> **Exercise**: Repeat each entry exactly; omit all pictures.

> **Source data**:
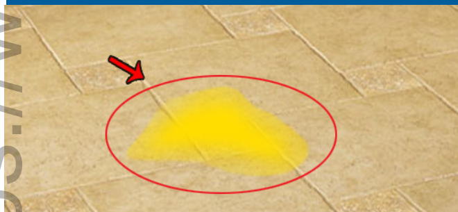
ፈሳሽ ነጃሳ መሬት ላይ
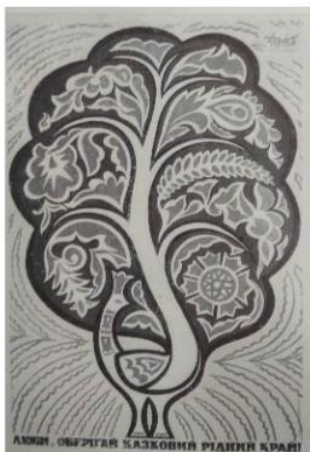
М. Чернюк, «Люби, оберігай казковий рідний край!», 1968 р.

Народні символи України, фігуративні компоненти образотворчості та знаки орнаменту широко вживаються в сучасному дизайні [1].
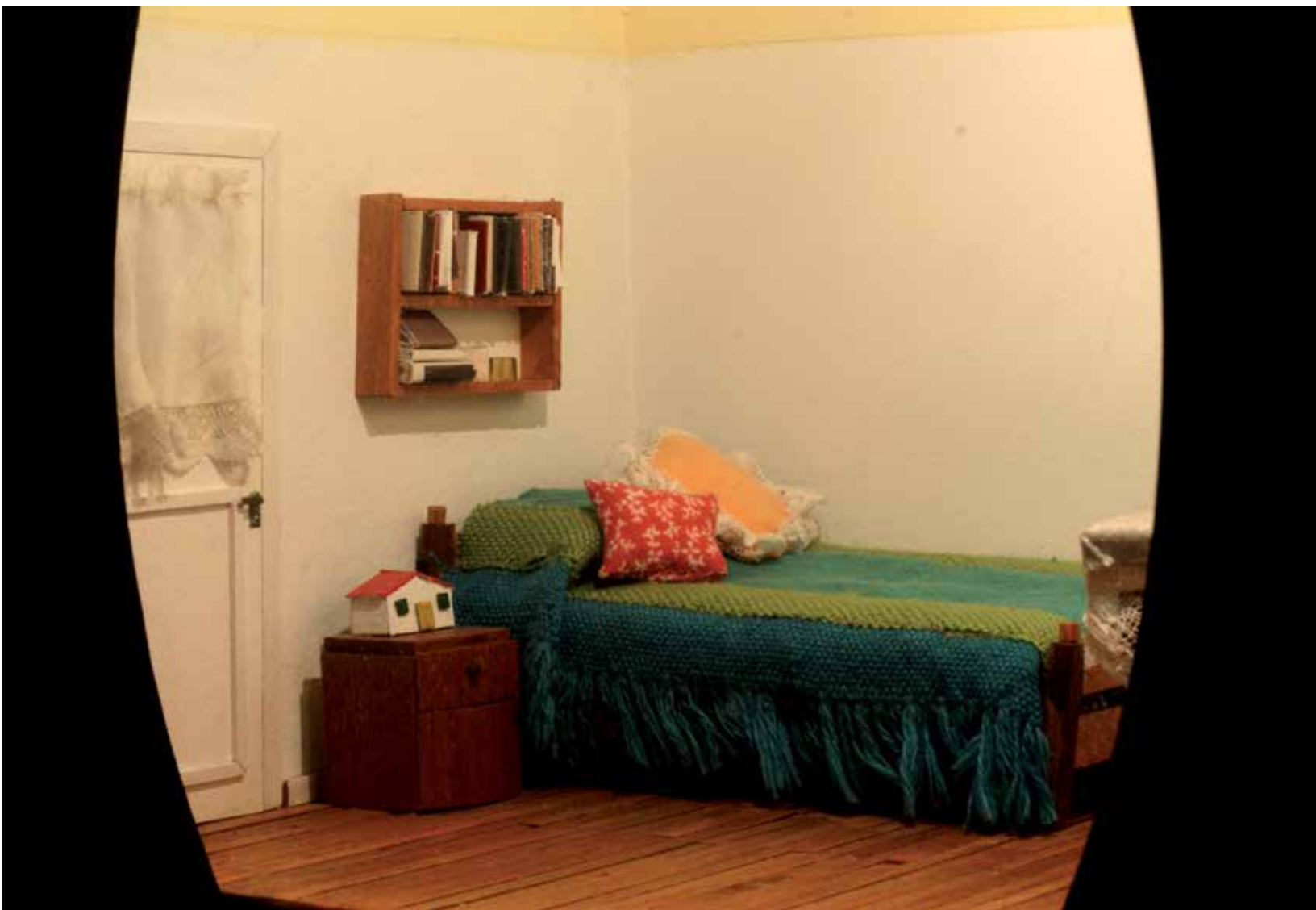
Proyecto "Relatos de Habitación". "De vuelta en los Castaños". Pasaje Montecarlo 16, Los Castaños. Chiguayante. Técnica Mixta. 1991.
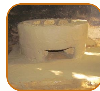
Banco domestique bois Economie de combustible 45 - 50%
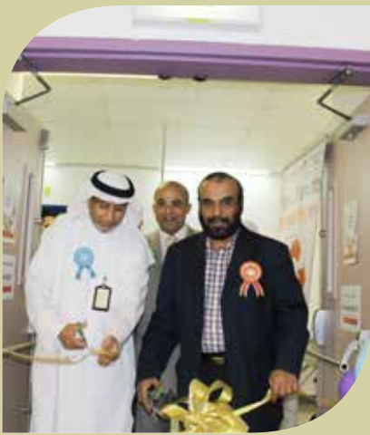
الخدمات الطبية ترعى الفعاليات وتهتم بها

مع كل إشراقة عدد جديد نطلق متسلحين بالأمل والعزيمة والطموح يحدونا هدف سام لننال بهم رضاكم، ونسعى جاهدين دوماً لتحقيقه، وكلنا ثقة بأن نصل إلى تلبية تطلعات قراءنا، وتوجهنا قناعة بأن الدوافع السامية تصنع حياة أروع، وأن الثقة بالله ثم بقدراتنا تصنع إنجازاً متميزاً. نضع هذا العدد الجديد بين أيديكم حاملًا العديد من أنشطتنا في مستشفى عمليات الخفجي المشتركة، وبين طياته رسائل توعوية هادفة ومفيدة. كلنا أمل بأن يكون التوفيق رفيق عملنا، وأن تنال اختياراتنا رضاكم.
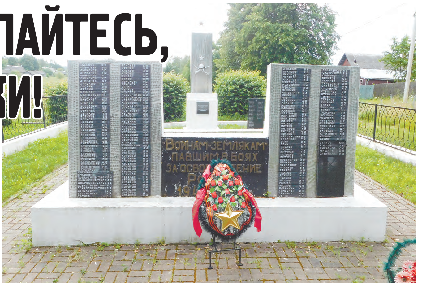
Мемориал в честь земляков, погибших на фронтах Великой Отечественной войны.
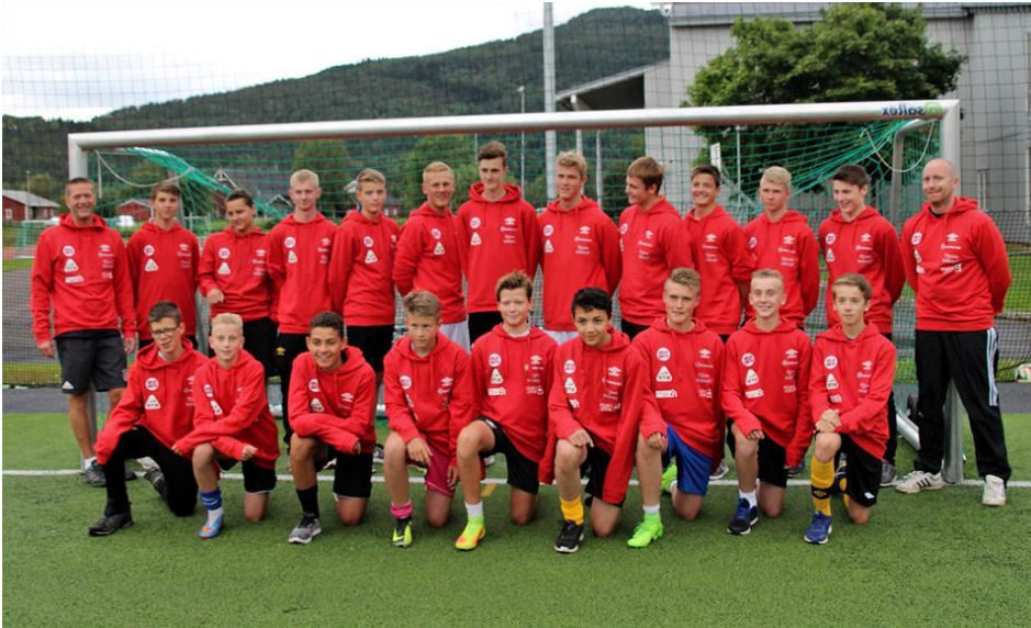
Hafslo G13/14 og Hafslo G15/16/17 før avreise til Vildbjerg Cup 2017
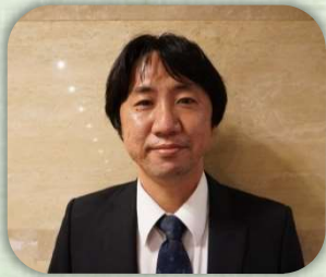
石田市長の講演会を拝聴して

> **Answer box**:
ፈሳሽ ነጃሳ መሬት ላይ
М. Чернюк, «Люби, оберігай казковий рідний край!», 1968 р.

Народні символи України, фігуративні компоненти образотворчості та знаки орнаменту широко вживаються в сучасному дизайні [1].
Proyecto "Relatos de Habitación". "De vuelta en los Castaños". Pasaje Montecarlo 16, Los Castaños. Chiguayante. Técnica Mixta. 1991.
Banco domestique bois Economie de combustible 45 - 50%
الخدمات الطبية ترعى الفعاليات وتهتم بها

مع كل إشراقة عدد جديد نطلق متسلحين بالأمل والعزيمة والطموح يحدونا هدف سام لننال بهم رضاكم، ونسعى جاهدين دوماً لتحقيقه، وكلنا ثقة بأن نصل إلى تلبية تطلعات قراءنا، وتوجهنا قناعة بأن الدوافع السامية تصنع حياة أروع، وأن الثقة بالله ثم بقدراتنا تصنع إنجازاً متميزاً. نضع هذا العدد الجديد بين أيديكم حاملًا العديد من أنشطتنا في مستشفى عمليات الخفجي المشتركة، وبين طياته رسائل توعوية هادفة ومفيدة. كلنا أمل بأن يكون التوفيق رفيق عملنا، وأن تنال اختياراتنا رضاكم.
Мемориал в честь земляков, погибших на фронтах Великой Отечественной войны.
Hafslo G13/14 og Hafslo G15/16/17 før avreise til Vildbjerg Cup 2017
石田市長の講演会を拝聴して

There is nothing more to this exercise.